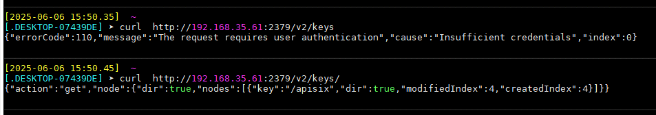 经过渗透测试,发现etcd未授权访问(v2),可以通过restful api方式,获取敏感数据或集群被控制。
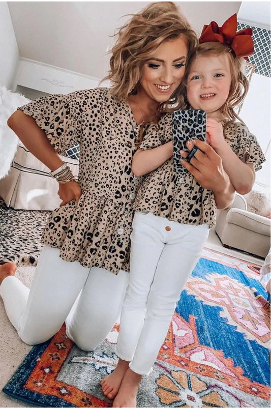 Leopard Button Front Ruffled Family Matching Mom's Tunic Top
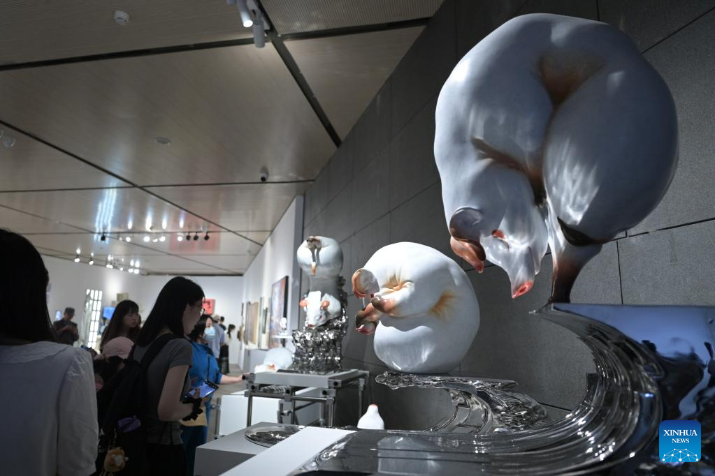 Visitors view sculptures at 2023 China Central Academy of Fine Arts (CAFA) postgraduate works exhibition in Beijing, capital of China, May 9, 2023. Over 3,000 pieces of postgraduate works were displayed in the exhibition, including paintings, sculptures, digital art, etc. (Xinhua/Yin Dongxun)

...

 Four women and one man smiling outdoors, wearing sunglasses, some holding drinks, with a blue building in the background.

### WHAT IS REQUIRED
In the material above, one part opens with the line containing "经过渗透测试,发现etcd未" and closes with the line containing "Visitors view sculptures". Write out that part exactly and skip its pictures.

### RESULT FOR THIS TASK
 经过渗透测试,发现etcd未授权访问(v2),可以通过restful api方式,获取敏感数据或集群被控制。
 Leopard Button Front Ruffled Family Matching Mom's Tunic Top
 Visitors view sculptures at 2023 China Central Academy of Fine Arts (CAFA) postgraduate works exhibition in Beijing, capital of China, May 9, 2023. Over 3,000 pieces of postgraduate works were displayed in the exhibition, including paintings, sculptures, digital art, etc. (Xinhua/Yin Dongxun)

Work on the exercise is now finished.